EXERCISE BRIEF |
Dropping every picture, set down exactly the lines in the entries below, starting with the line with "H級: 30t車 まで。" and going on through the line with "Description: Guns Listing".

Records from a dataset:
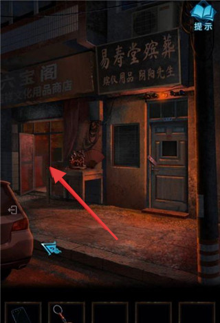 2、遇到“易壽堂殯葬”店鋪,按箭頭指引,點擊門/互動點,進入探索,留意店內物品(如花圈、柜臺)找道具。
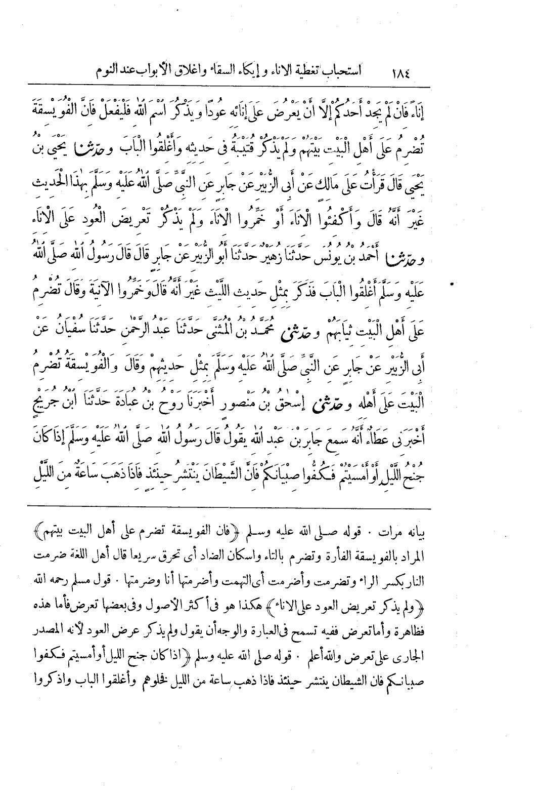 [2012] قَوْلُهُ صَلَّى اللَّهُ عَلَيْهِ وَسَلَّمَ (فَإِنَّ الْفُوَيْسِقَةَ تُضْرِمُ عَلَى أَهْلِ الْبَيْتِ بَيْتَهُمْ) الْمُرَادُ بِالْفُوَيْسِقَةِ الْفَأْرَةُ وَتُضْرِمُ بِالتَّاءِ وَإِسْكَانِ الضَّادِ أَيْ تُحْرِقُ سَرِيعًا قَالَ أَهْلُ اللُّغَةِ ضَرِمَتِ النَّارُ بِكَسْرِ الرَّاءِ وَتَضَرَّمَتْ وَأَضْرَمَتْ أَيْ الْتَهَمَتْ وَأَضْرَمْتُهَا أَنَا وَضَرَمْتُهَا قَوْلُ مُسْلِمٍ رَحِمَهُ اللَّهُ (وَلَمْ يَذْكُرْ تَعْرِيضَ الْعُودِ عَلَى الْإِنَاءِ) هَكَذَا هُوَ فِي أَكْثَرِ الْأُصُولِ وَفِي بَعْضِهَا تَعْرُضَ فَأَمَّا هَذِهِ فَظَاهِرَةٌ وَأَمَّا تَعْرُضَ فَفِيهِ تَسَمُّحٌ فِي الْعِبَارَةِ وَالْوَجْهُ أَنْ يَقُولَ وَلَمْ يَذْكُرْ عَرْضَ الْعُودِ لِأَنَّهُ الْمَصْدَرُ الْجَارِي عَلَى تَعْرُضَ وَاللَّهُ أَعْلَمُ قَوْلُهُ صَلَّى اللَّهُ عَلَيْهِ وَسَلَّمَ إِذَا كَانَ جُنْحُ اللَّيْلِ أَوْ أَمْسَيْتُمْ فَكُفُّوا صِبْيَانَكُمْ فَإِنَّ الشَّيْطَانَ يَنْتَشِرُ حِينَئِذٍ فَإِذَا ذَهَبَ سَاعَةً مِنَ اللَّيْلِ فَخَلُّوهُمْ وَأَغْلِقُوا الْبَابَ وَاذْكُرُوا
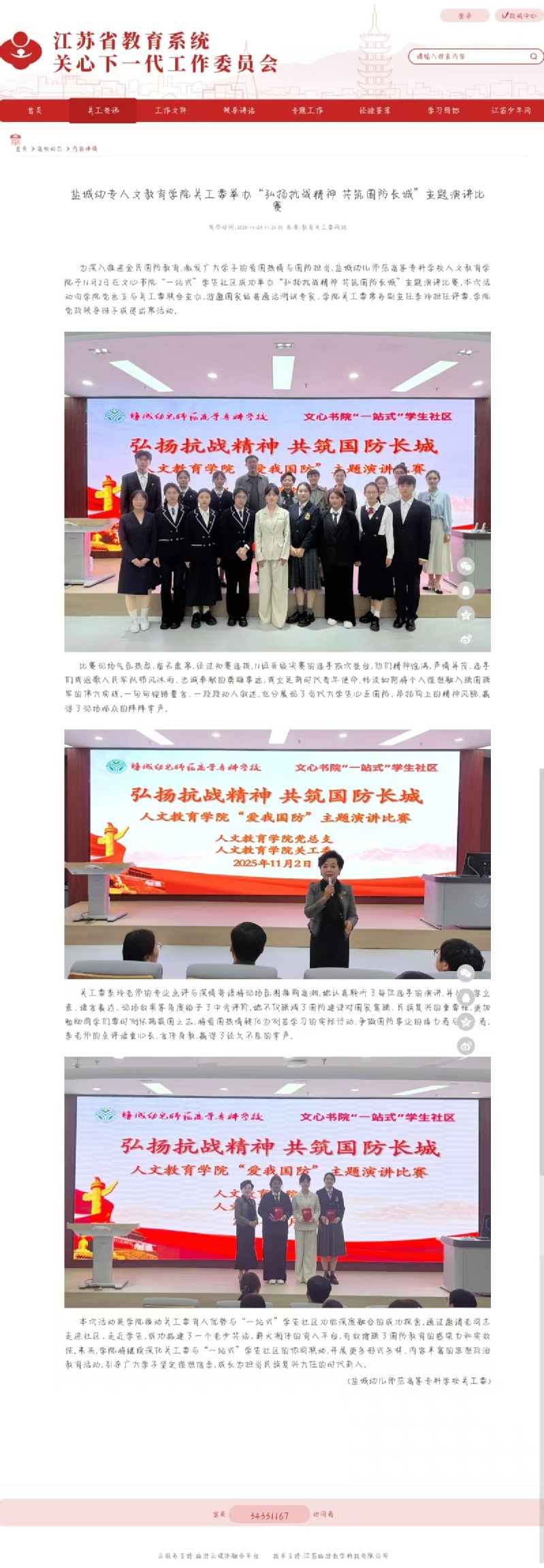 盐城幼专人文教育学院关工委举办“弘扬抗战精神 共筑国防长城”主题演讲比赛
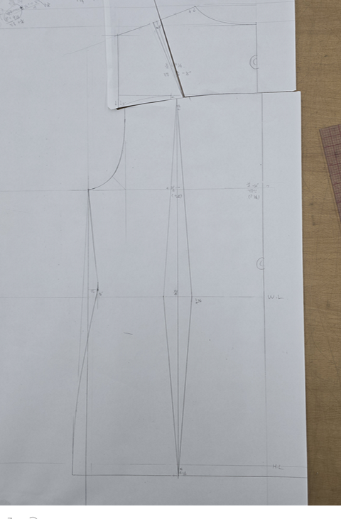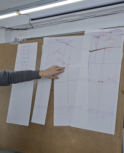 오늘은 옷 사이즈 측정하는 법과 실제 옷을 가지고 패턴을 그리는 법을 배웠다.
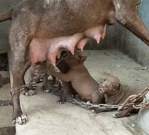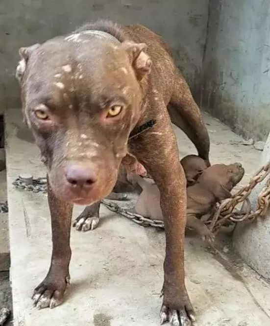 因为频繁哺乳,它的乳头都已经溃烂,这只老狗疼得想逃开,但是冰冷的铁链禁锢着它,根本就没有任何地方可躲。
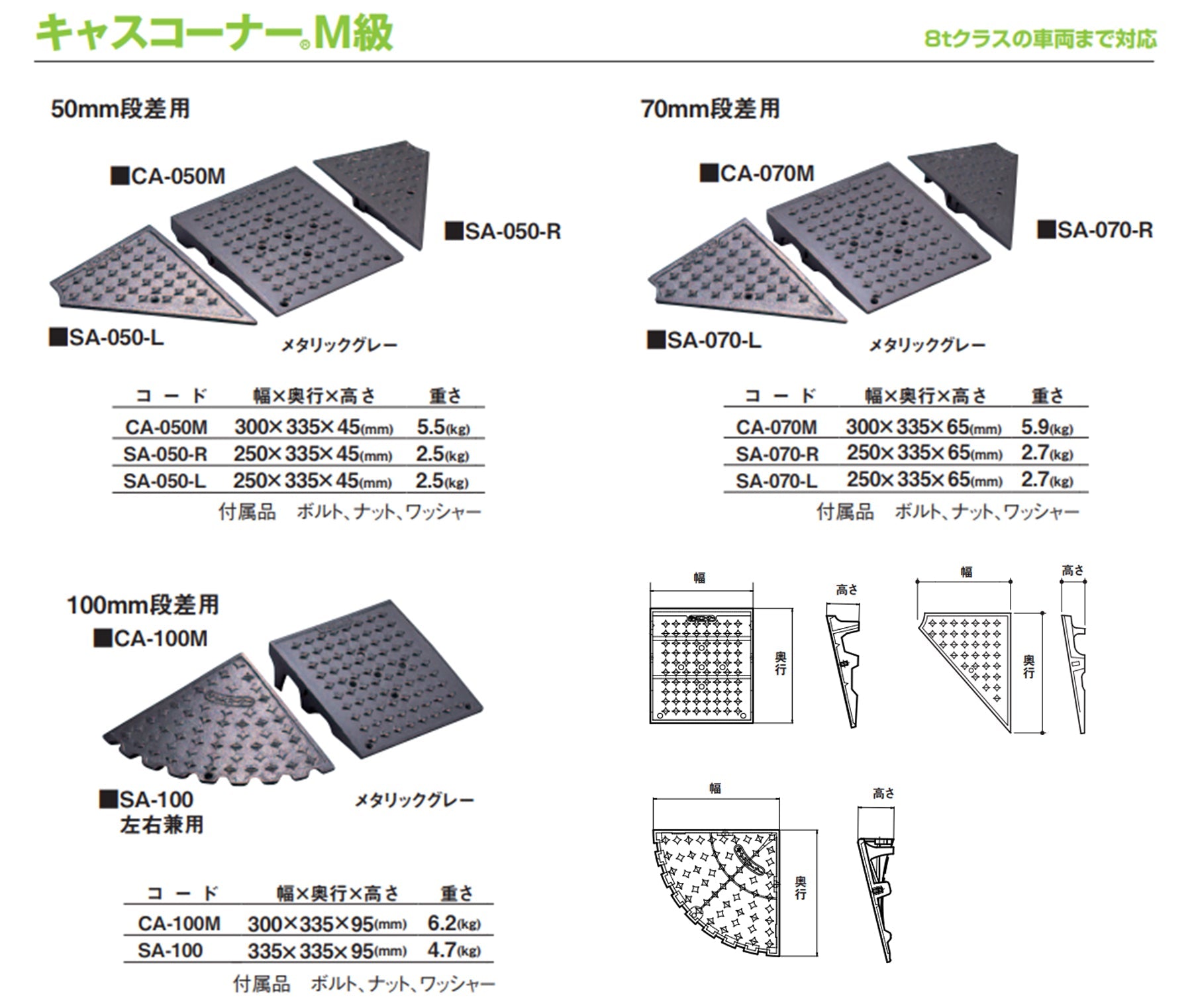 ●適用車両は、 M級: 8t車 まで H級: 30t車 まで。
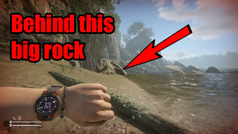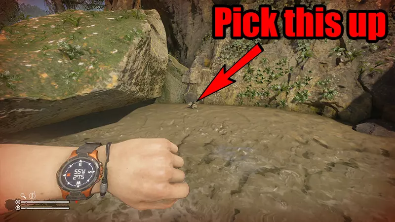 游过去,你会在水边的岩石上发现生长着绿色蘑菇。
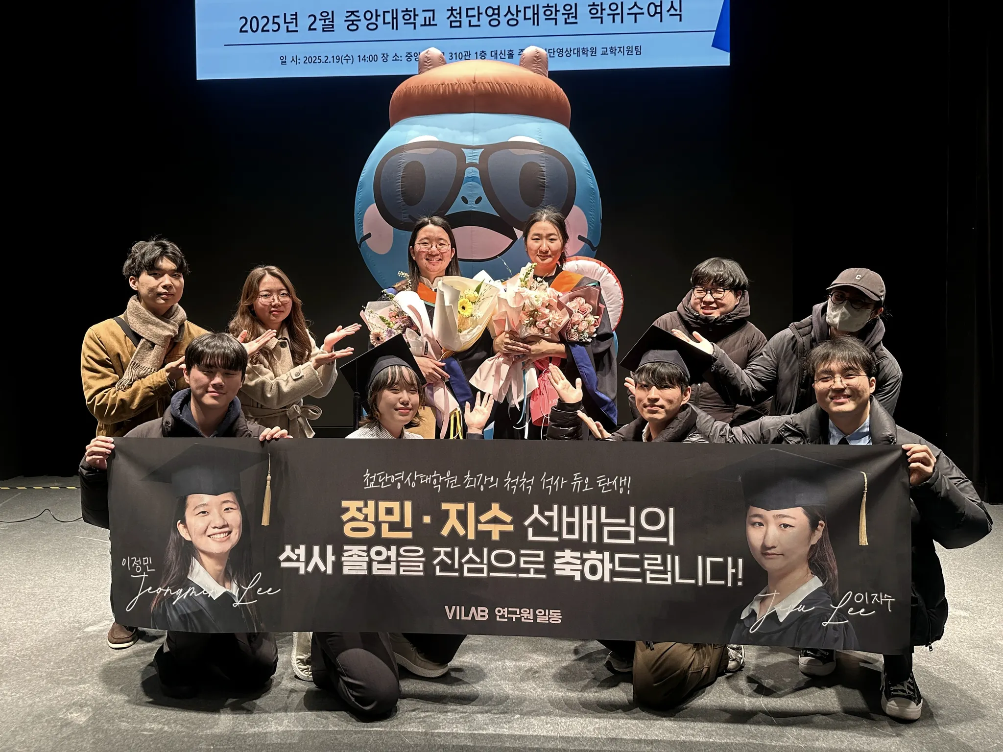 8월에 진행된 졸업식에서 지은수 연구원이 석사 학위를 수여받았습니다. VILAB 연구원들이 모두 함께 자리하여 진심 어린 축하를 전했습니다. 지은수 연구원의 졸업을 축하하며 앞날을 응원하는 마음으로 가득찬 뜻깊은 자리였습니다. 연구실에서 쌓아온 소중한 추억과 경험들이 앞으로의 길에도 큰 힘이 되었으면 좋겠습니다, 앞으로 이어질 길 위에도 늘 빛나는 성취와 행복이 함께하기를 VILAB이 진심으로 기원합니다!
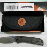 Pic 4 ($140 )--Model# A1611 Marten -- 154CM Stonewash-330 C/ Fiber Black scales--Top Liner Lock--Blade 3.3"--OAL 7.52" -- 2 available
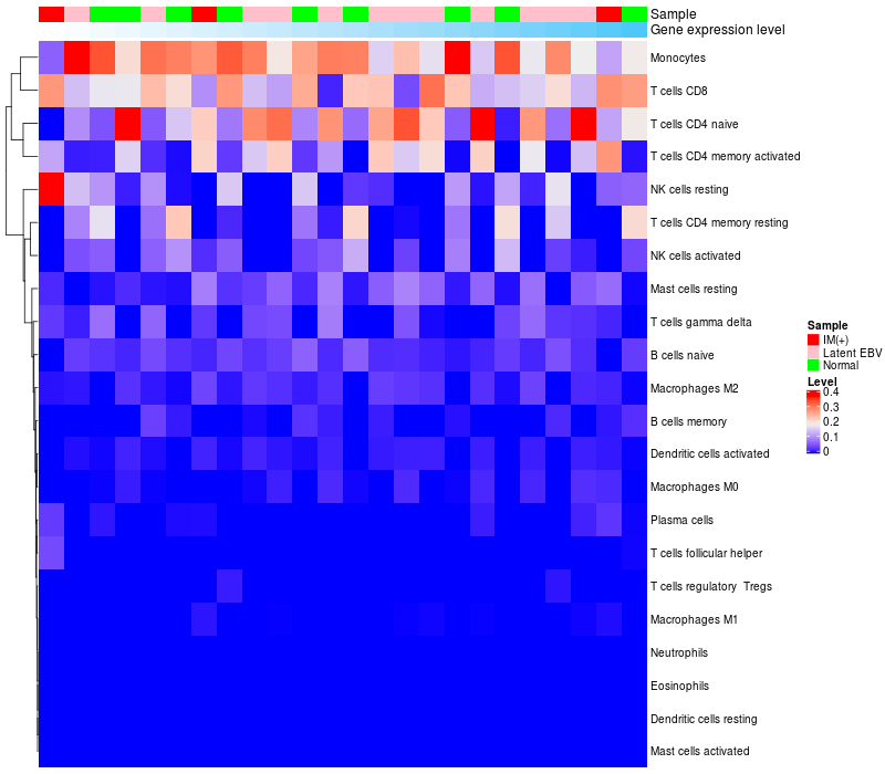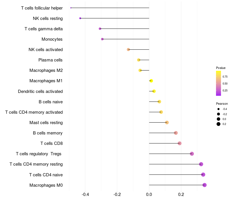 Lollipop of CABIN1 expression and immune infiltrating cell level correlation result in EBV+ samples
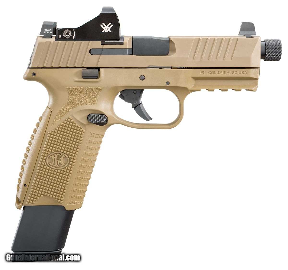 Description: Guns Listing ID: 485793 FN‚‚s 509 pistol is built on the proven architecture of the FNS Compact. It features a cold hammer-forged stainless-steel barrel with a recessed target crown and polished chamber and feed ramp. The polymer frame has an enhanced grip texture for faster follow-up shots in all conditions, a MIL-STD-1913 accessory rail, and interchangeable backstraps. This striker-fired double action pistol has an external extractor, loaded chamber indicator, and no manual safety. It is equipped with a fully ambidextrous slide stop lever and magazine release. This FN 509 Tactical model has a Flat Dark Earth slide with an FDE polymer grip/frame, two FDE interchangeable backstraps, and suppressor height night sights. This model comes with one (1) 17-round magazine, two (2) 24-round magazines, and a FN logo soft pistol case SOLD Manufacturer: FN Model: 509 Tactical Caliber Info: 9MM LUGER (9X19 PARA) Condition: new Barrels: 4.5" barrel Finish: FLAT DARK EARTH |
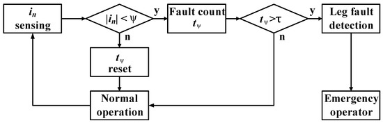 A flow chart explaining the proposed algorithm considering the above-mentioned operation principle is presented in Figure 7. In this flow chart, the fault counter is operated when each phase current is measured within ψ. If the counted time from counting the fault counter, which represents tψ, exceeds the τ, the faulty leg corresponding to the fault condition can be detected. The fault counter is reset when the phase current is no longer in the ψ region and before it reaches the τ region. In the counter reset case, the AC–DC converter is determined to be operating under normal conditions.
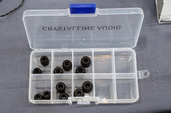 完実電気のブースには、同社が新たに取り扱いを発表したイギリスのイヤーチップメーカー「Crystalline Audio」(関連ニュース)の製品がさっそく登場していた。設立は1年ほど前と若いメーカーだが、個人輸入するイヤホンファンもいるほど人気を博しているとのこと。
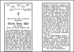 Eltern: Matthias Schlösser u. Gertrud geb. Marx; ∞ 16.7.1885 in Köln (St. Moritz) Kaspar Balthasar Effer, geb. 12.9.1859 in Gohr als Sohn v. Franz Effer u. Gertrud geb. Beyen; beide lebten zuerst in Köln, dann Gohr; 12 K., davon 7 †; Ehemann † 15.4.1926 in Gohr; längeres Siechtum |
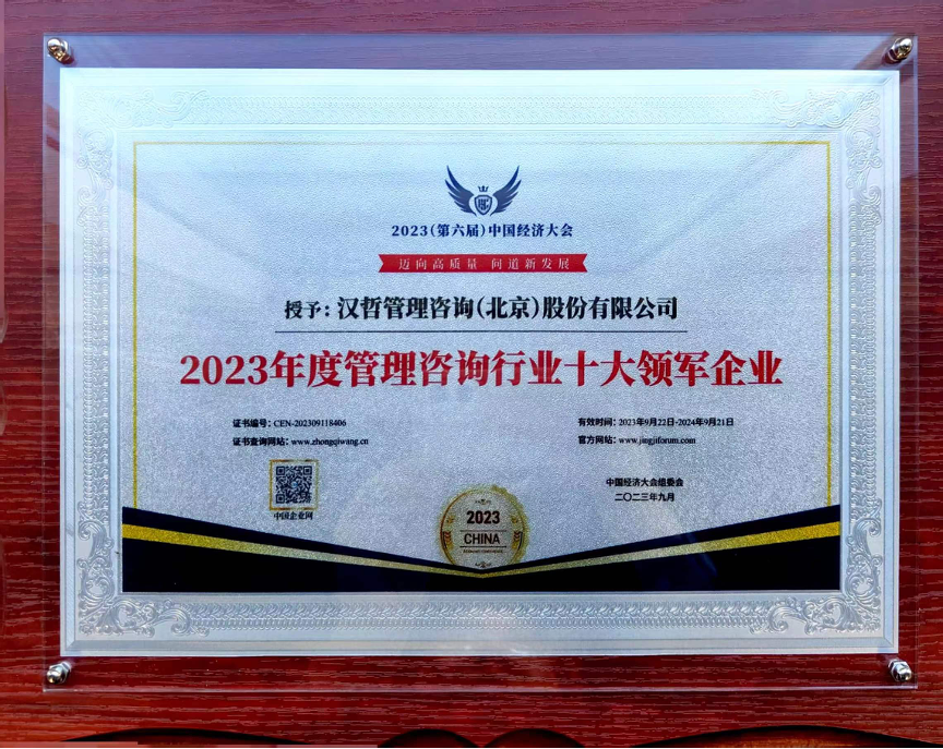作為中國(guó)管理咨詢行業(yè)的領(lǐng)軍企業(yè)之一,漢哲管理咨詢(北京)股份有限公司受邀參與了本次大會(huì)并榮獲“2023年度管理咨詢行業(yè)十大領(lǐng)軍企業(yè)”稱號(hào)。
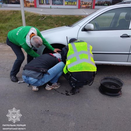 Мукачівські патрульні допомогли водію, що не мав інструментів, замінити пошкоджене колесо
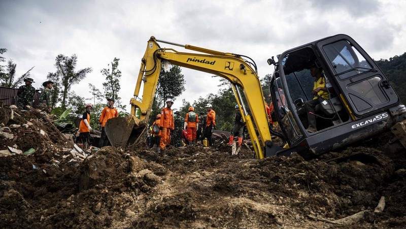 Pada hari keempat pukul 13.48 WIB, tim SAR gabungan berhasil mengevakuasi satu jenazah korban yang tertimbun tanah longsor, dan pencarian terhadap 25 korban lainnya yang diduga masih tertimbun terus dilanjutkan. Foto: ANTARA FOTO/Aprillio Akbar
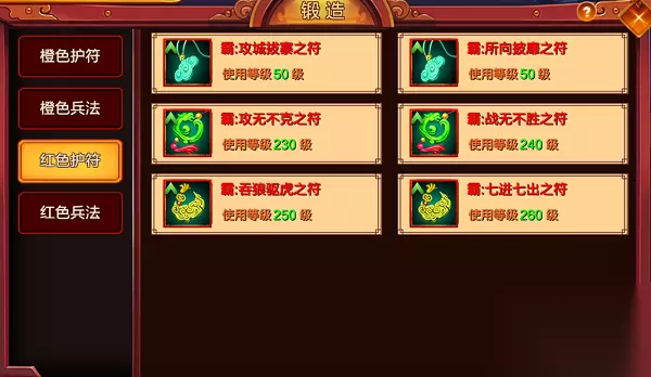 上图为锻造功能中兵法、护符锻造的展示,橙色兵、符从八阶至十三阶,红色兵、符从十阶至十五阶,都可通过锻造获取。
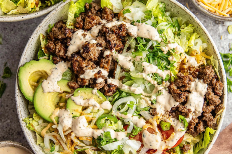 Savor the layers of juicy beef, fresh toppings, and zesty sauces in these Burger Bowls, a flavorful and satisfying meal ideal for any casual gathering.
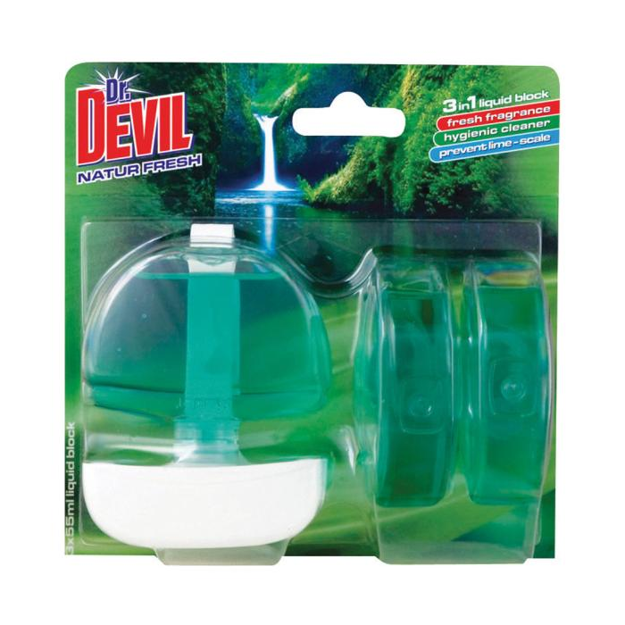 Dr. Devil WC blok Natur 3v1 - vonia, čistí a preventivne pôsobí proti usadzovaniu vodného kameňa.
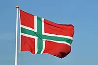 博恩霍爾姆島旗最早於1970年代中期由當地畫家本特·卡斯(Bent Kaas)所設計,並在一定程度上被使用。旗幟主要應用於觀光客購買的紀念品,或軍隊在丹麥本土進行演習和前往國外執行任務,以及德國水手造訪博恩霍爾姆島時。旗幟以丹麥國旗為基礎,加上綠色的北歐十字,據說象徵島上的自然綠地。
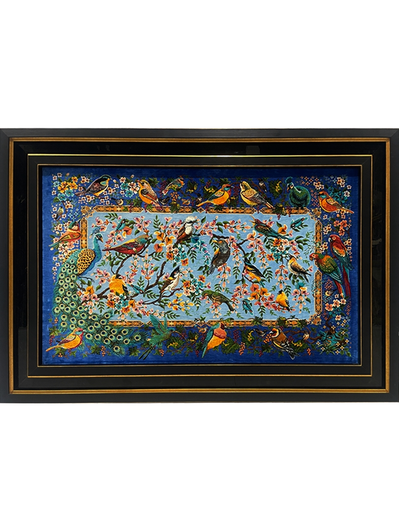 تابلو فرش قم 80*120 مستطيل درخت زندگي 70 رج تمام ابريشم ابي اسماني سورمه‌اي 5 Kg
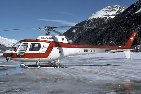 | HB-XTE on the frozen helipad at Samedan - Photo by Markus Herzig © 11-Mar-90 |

RESULT |
 ●適用車両は、 M級: 8t車 まで H級: 30t車 まで。
 游过去,你会在水边的岩石上发现生长着绿色蘑菇。
 8월에 진행된 졸업식에서 지은수 연구원이 석사 학위를 수여받았습니다. VILAB 연구원들이 모두 함께 자리하여 진심 어린 축하를 전했습니다. 지은수 연구원의 졸업을 축하하며 앞날을 응원하는 마음으로 가득찬 뜻깊은 자리였습니다. 연구실에서 쌓아온 소중한 추억과 경험들이 앞으로의 길에도 큰 힘이 되었으면 좋겠습니다, 앞으로 이어질 길 위에도 늘 빛나는 성취와 행복이 함께하기를 VILAB이 진심으로 기원합니다!
 Pic 4 ($140 )--Model# A1611 Marten -- 154CM Stonewash-330 C/ Fiber Black scales--Top Liner Lock--Blade 3.3"--OAL 7.52" -- 2 available
 Lollipop of CABIN1 expression and immune infiltrating cell level correlation result in EBV+ samples
 Description: Guns Listing ID: 485793 FN‚‚s 509 pistol is built on the proven architecture of the FNS Compact. It features a cold hammer-forged stainless-steel barrel with a recessed target crown and polished chamber and feed ramp. The polymer frame has an enhanced grip texture for faster follow-up shots in all conditions, a MIL-STD-1913 accessory rail, and interchangeable backstraps. This striker-fired double action pistol has an external extractor, loaded chamber indicator, and no manual safety. It is equipped with a fully ambidextrous slide stop lever and magazine release. This FN 509 Tactical model has a Flat Dark Earth slide with an FDE polymer grip/frame, two FDE interchangeable backstraps, and suppressor height night sights. This model comes with one (1) 17-round magazine, two (2) 24-round magazines, and a FN logo soft pistol case SOLD Manufacturer: FN Model: 509 Tactical Caliber Info: 9MM LUGER (9X19 PARA) Condition: new Barrels: 4.5" barrel Finish: FLAT DARK EARTH |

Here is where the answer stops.